As part of the Southeast Asia Fertility Program the census data of Thailand were analyzed, and several files placed online. One of it contains the numerical codes for the districts, using a two-digit system with the first two digits designating the province, and the next two the district. A leading "0" for the province is omitted however. Therefore the codes look similar to the DOPA codes, however both provinces and districts start at 1 without any holes. The system of the numbering for both province and districts is also easy - simply the Thai alphabetically sorting. Only the capital district (Amphoe Mueang) always gets the number 01. Also notable - the romanization does not follow RTGS (was that standard around in 1990 already?), but uses its own inconsistent system.
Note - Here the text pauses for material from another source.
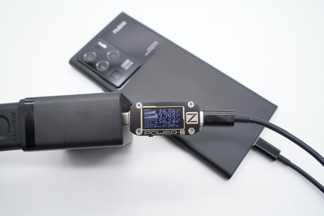 以上测试全部使用原装 6A 线材参与的测试,此次使用原装充电器搭配常规 5A C2C E-Marker 快充线为努比亚 Z30 Pro 充电,实测功率为 16.56V 3.39A 56.24W,可以成功触发 20V 快充档位,但功率相较于原装 6A 线材下降了一半。

Also a noteworthy special case - the special administrative area of Pattaya has the number 911, even though it is not a district but a special kind of municipality.
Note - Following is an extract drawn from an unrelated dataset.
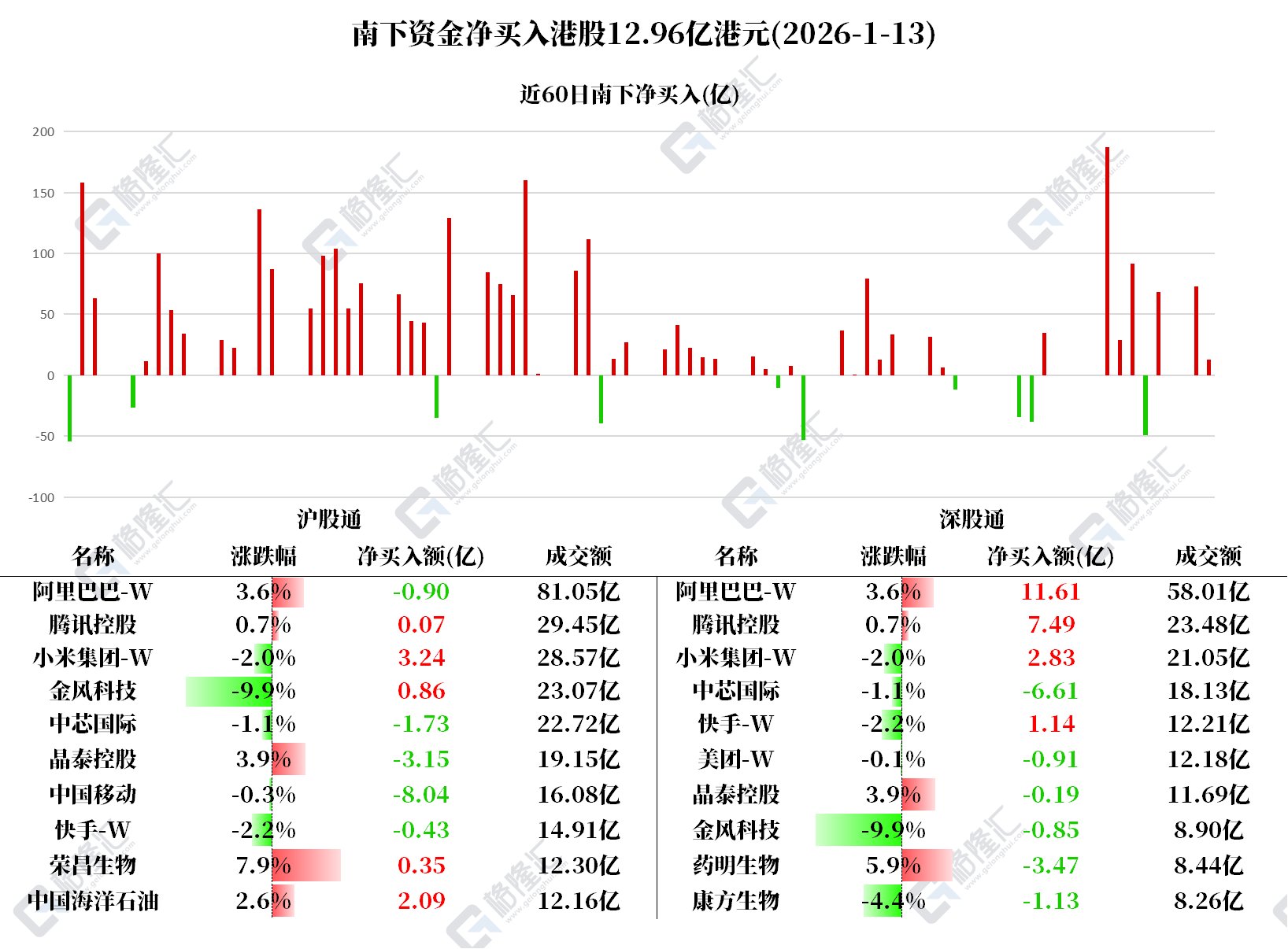 格隆汇1月13日|南下资金今日净买入港股12.96亿港元。其中: 净买入阿里巴巴-W 10.71亿、腾讯控股7.55亿、小米集团-W 6.07亿、中国海洋石油2.08亿; | | 沖股通 | | | | | --- | --- | --- | --- | --- | | 名称 | 涨跌幅 | 净买入额(亿) | 成交额 | 名称 | | 阿里巴巴-W | 3.6% | -0.90 | 81.05 Z | 阿里巴巴-W | | 腾讯控股 | 0.7% | 0.07 | 29.45 Z | 腾讯控股 | | 小米集团-W | -2.0% | 3.24 | 28.57 Z | 小米集团-W | | 金风科技 | -9.9% | 0.86 | 23.07 Z | 中芯国际 | | 中心国际 | -1.1% | -1.73 | 22.72 L | 快手-W | | 品泰控股 | 3.9% | -3.15 | 19.15 Z | 美团-W | | 中国移动 | -0.3% | -8.04 | 16.08 Z | 晶泰控股 | | 快手-W | -2.2% | -0.43 | 14.91亿 | 金风科技 | | 荣昌生物 ...

As an example, here are those codes for Chonburi including that special code for Pattaya. The "KA" at the beginning is the abbreviation for "King Amphoe" (กิ่งอำเภอ, minor district).
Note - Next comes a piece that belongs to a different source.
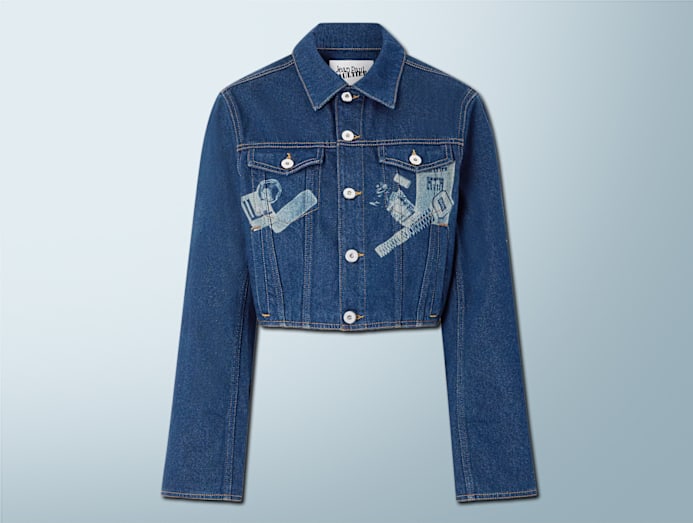 Try: Jean Paul Gaultier cropped printed denim jacket, US$710/S$913

901 'CHON BURI ' 902 'KA.KO SICHANG ' 903 'BANG LAMUNG ' 904 'KA. BO THONG ' 905 'BAN BUNG ' 906 'PHANAT NIKHOM ' 907 'PHAN THONG ' 908 'SI RACHA ' 909 'SATTAHIP ' 910 'KA. NONG YAI ' 911 'PATTAYA 'The site also includes the codebooks for the censuses 1970 and 1980, but I can only find the province codes for these. However these also seem to be simply alphabetically sorted, so I suppose the same applied to the district codes. But since between each census it had new and merged provinces and districts, the codes from each census is not compatible with the next and one has to manually match the codes. Quite easy to see the advantage of a temporarily stable coding system here...
The codebook PDFs also mention codes used for subdistricts, municipalities and sanitary districts, but sadly I have examples yet. I will therefore postpone that subtopic to a later posting, let alone to keep this posting at a readable length.
I can only hope that for the 2010 census NSO will change to use the DOPA/TIS codes. The fact that in 2000 they used a system based on the FIPS 10-4 codes shows that they have noticed the need, but why they chose that US standard instead of the ISO and Thai standard (TIS 1099:2548) remains a mystery.